[Supplied records — start]
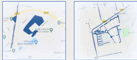
De Ed Stoop-vijvers in Roden (links) en Leek.
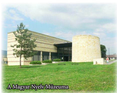
A Magyar Nyelv Múzeuma

A múzeum szomszédságában, pontosabban a palota egy másik részében található az elegáns Károlyi Étterem és Kávéház. Erről véleményt mondani sajnos nem tudok, az árakat ott nem a szocitamból és tanulmányi ösztöndíj-
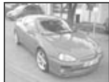
Mazda MX3 1,8i V6 r.v. 1994, cena dohodou tach.: 130 tis. km, červená perfektní stav, koupeno v CZ, první majitel
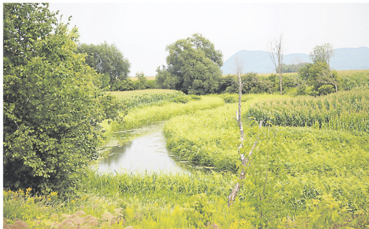
L'étude des bandes riveraines continue dans la MRC de Rouville.

L'étude des bandes riveraines continue dans la MRC de Rouville. À partir de cette semaine, deux agents en environnement du territoire évalueront l'état et l'évolution de ces milieux naturels, poursuivant le travail entamé l'été dernier.
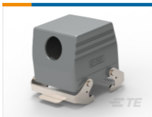
TE 产品编号 T1250322129-000 H32B-TSB-PG29
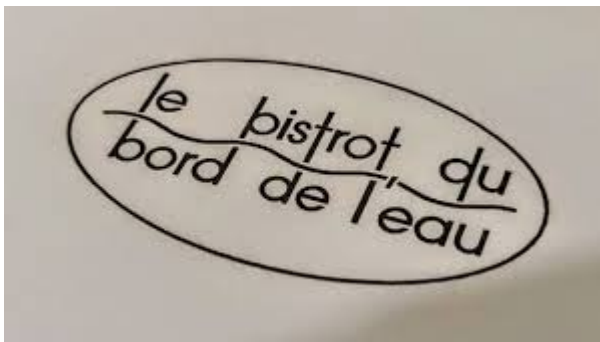
Bistrot du Restaurant gastronomique Levernois
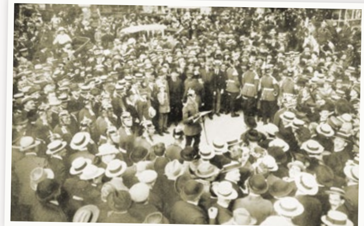
Verkündung der Mobilmachung in Berlin Unter den Linden.

Der Krieg als Chance für die Gleichberechtigung? Es ist ein völlig neues Selbstverständnis der Frauenbewegung, das hier zum Ausdruck kommt. Sich an der Heimatfront bewähren, hier das Ihrige fürs Vaterland zu leisten – dies würde allen beweisen, dass Frauen als Bürgerinnen des Landes den Männern ebenbürtig sind. Die politische Gleichberechtigung müsste dann nicht mehr erkämpft werden, sondern wäre für die Regierung eine natürliche Folge. So jedenfalls die Hoffnung.
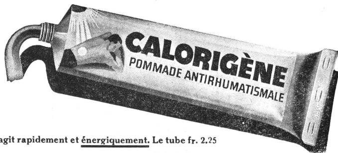
agit rapidement et énergiquement. Le tube fr. 2.25

Basel, Klein-Basel. S.-V. Mi., 27. Okt., 20.00 im Rest. «Greifen» (Greifengasse): Lichtbildervortrag von E. Th. Spiess über: Erinnerungen an eine Sizilienreise. Mitglieder mit ihren Angehörigen sind freundlich eingeladen. Ende Oktober werden die noch ausstehenden
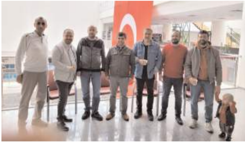
Çorum Tabip Odası'nın Olağan Genel Kurulu geçtiğimiz hafta sonu yapıldı.

■ Çorum Tabip Odası'nın hafta sonu yapılan Olağan Genel Kurul Toplantısında yeni yönetim belirlendi.
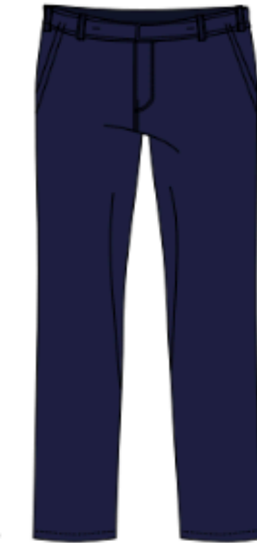
OU *MOD31603 (Chino)
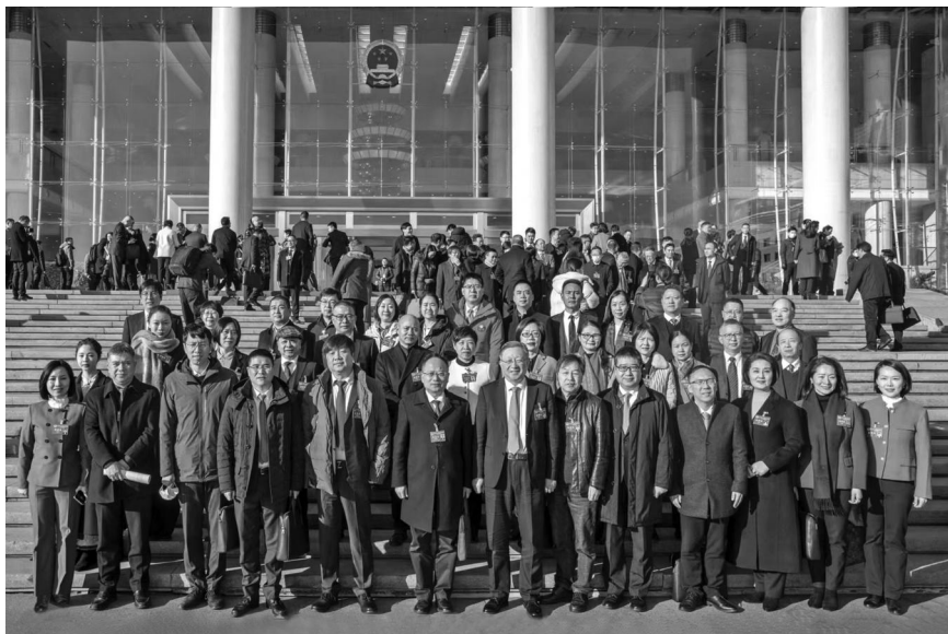
/ 参加2024年省两会的部分委员、代表合影

纽和高能级开放强省》《大力提高政府产业基金使用效率,助力浙江特色现代化产业体系建设》《推进政务增值化改革,助力我省打造一流营商环境》《推动新型公共阅读空间建设,创新高品质文化生活机制》《推动我省慈善事业高质量发展,为共同富裕注入新动能》8件团体提案;《加强医工信交叉融合力度,推动我省卫生健康事业高质量发展》《加快推动环境式沉浸式戏剧健康发展,为中华
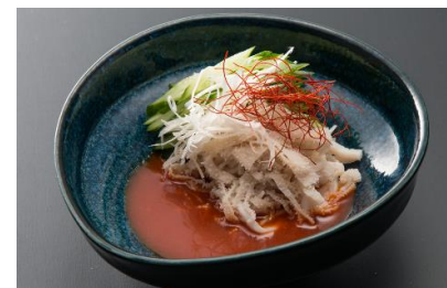
Beef White Omasum Sashimi
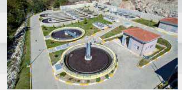
Dursunbey Atıksu Arıtma Tesisleri
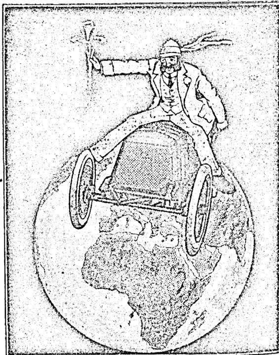
ELIAS RIZO - Azafranes, anís en grano, cominos y otros productos. - NOVELDA (Alicante)

ALVEAR VINOS y CONACS DELEGACION GENERAL ACADEMIA, 6 - Tfnos. 265 29 19 391 - MADRID
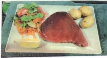
Atún al Grill Grilled Tuna Gegrillter Thunfisch € 12,00
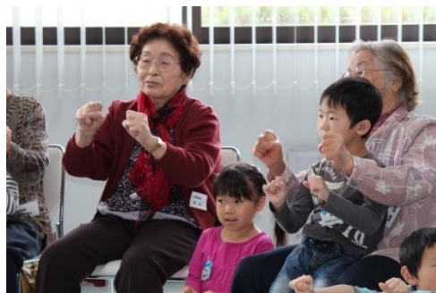
↑ 幼稚園児との交流（26/5/9）
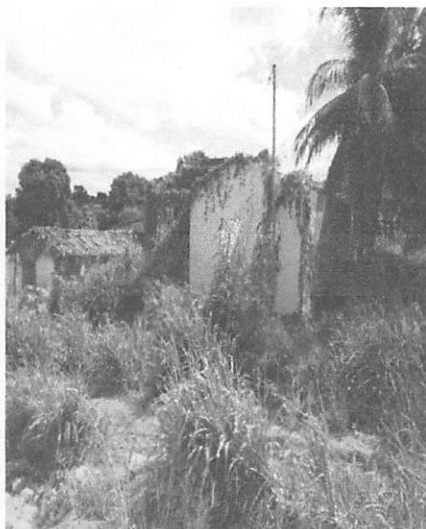
Ano de 2020
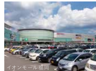
イオンモール福岡

町内には、スーパーやホームセンター、ドラッグストアやコンビニエンスストアなどの商業施設があり、さらに、車で約10分走れば、九州最大級のショッピングモールにも行け、映画も楽しめます。
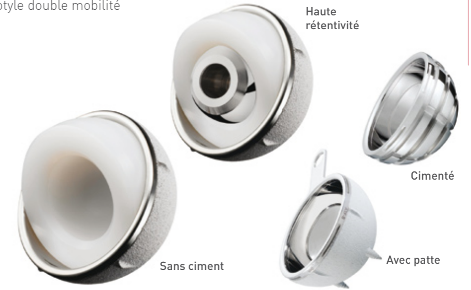
Haute rétentivité Cimenté Sans ciment Avec patte
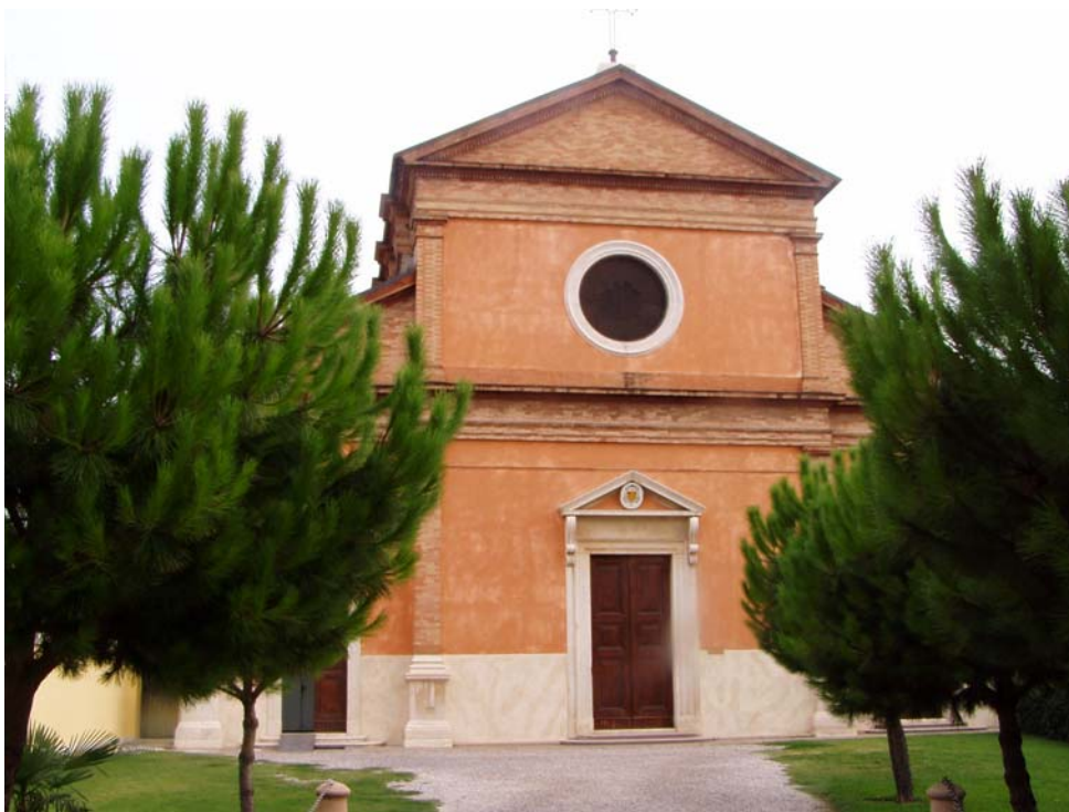
Obrázek 1: Sant Alberto. Dnešní kostel Sant'Alberto (farnost S. Adalberto) ve stejnojmenné obci.

Na jaře roku 1010 se do čela největší z pereonských misí postavil sám Romuald. 56 Již na uherských hranicích však svou skupinu opustil a vrátil se zpět. Dle Petra Damianiho důvodem Romualdova návratu byla nemoc spolu s vysokým věkem. 57 Jeho žáci však pokračovali v cestě. Patnáct jich zůstalo v Uhrách, dva další se měli vydat do Čech. 58 O této dvojici nemáme z jiných pramenů žádné zprávy. Christianizace Čech, alespoň ta oficiální, byla skončena a oblast tak nebyla výslovným misijním územím. Je otázkou, zda-li měl Romuald a jeho skupina dostatek informací o situaci v Čechách. Z pramenů není ani patrný případný návrat dvojice z misijní cesty v Čechách.
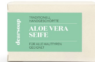
ALOE VERA SEIFE mit Aloe vera Artikel-Nr. 4260392270139
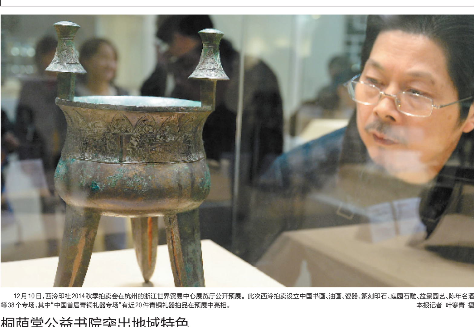
12月10日,西泠印社2014秋季拍卖会杭州的浙江世界贸易中心展览厅公开开展。此次西泠拍卖设立中国书画、油画、瓷器、篆刻印石、庭园石雕、盆景园艺、陈年名酒等38个专场,其中“中国首届青铜礼器专场”有近20件青铜礼器拍品在预展中亮相。

书长。幼承家训,少时便与书道结下不解之缘,临池不辍,涵泳先秦、两汉、六朝碑碣之间,兼涉南宗,转益多师。但于篆刻最勤,曾钩摹古玺印、汉印、皖、浙、赵、吴各名家3000余方,成六大册,其后书画之研习皆取金石气。作品集遴选20余年印作百余方,传递出闫大海对传统国艺的体悟与理解。
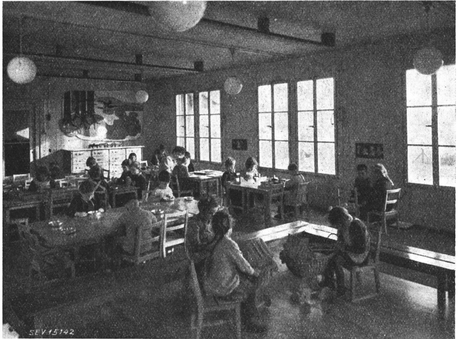
Fig. 1 Schulstube des Kindergartens in Riehen (BS) An der Decke sichtbar drei der insgesamt vier Strahlungsheizkörper

Anschlusswert. In diesem Falle beträgt die Heizleistung 1,25 kW, entsprechend einem spezifischen Wert von 43 W/m 3 .
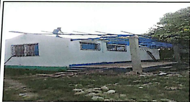
REPARACION DE ESTRUCTURA DE MADERA POR METAL
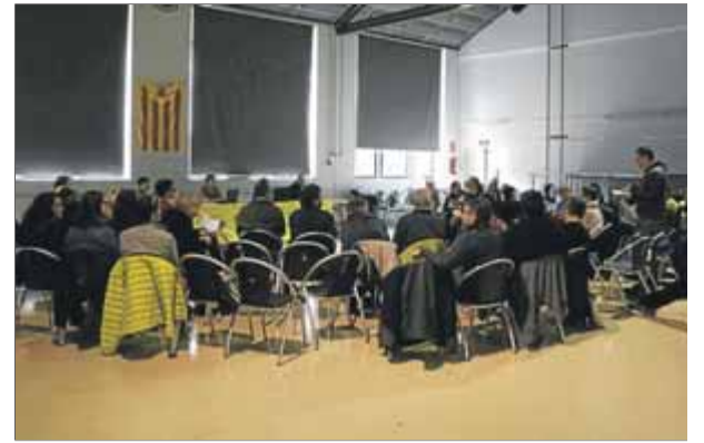
Participants en el consell nacional de la CUP a Artés, durant els debats
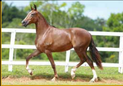
19 - 50% CAPADÓCIA SENHOR DO BONFIM
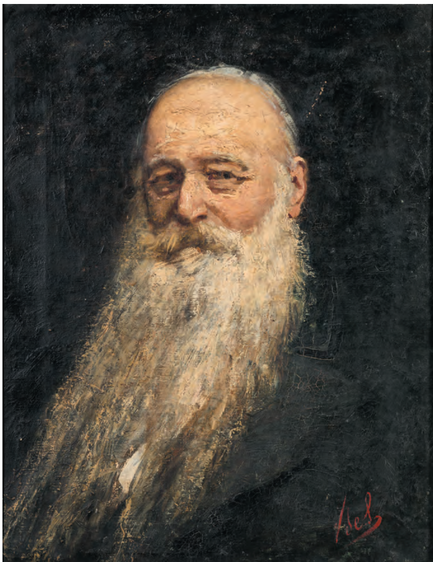
Fig. 6. Vincenzo De Stefani, Ritratto di Sebastiano Tecchio , olio su tela, 1884, su concessione dei Musei Civici di Verona, Galleria d'Arte Moderna Achille Forti (Gardaphoto, Salò).
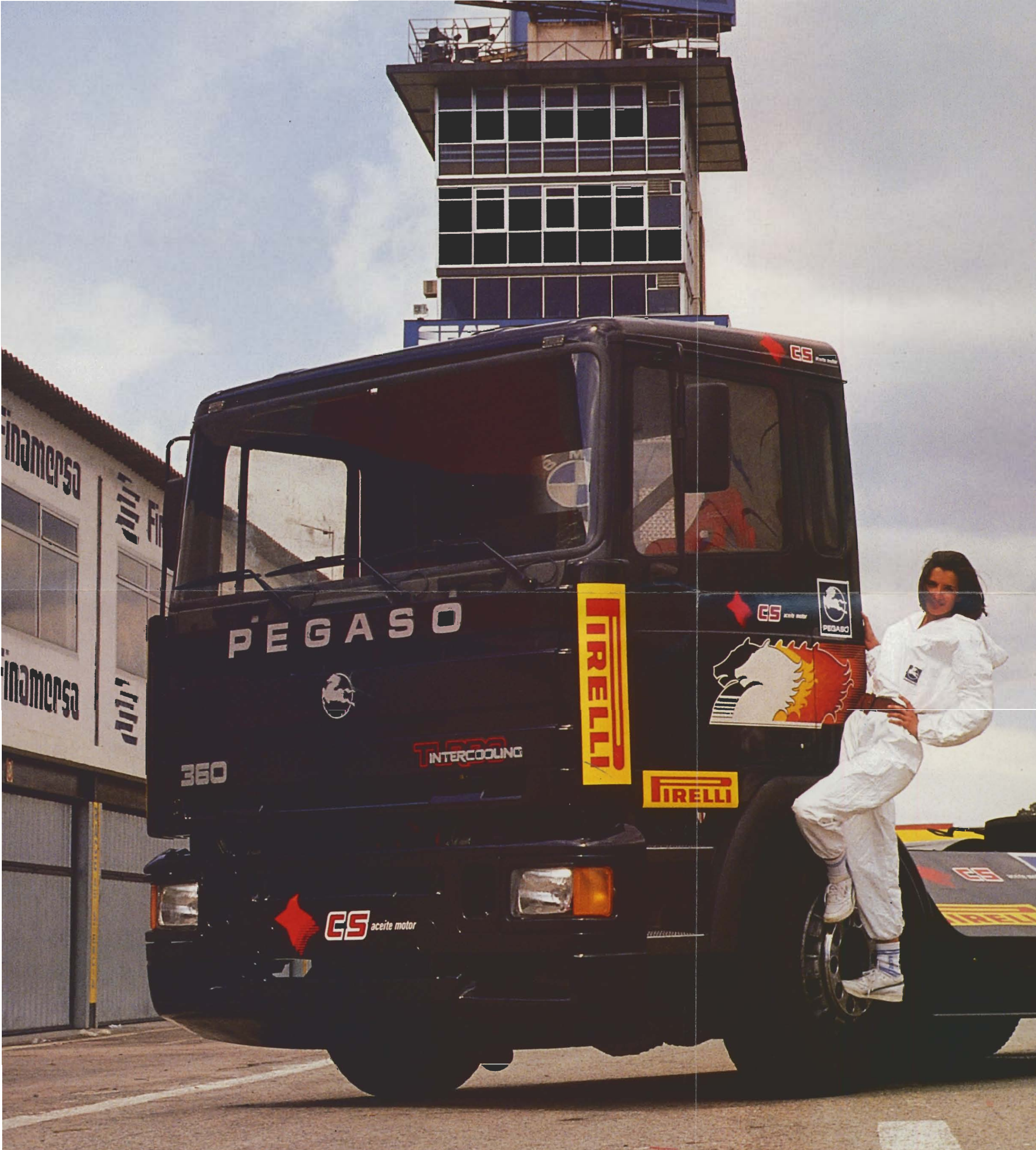
Camión Pegaso de carreras perteneciente al CS-Pegaso Racing Team.
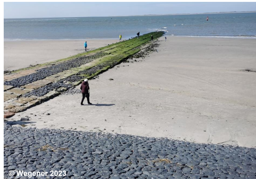
Blick auf den Wellenbrecher
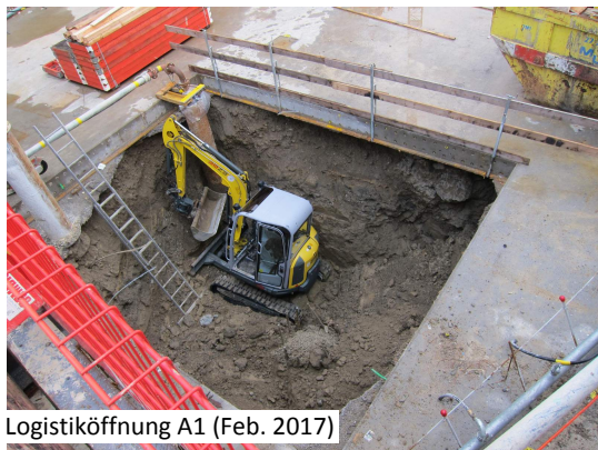
Logistiköffnung A1 (Feb. 2017)
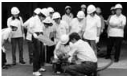
消防用ポンプ操作訓練
[Supplied records — finish]
▶ **Work to complete**:
Among the entries above, find every line holding "Rouville" and copy it.

▶ **Written response**:
L'étude des bandes riveraines continue dans la MRC de Rouville.
L'étude des bandes riveraines continue dans la MRC de Rouville. À partir de cette semaine, deux agents en environnement du territoire évalueront l'état et l'évolution de ces milieux naturels, poursuivant le travail entamé l'été dernier.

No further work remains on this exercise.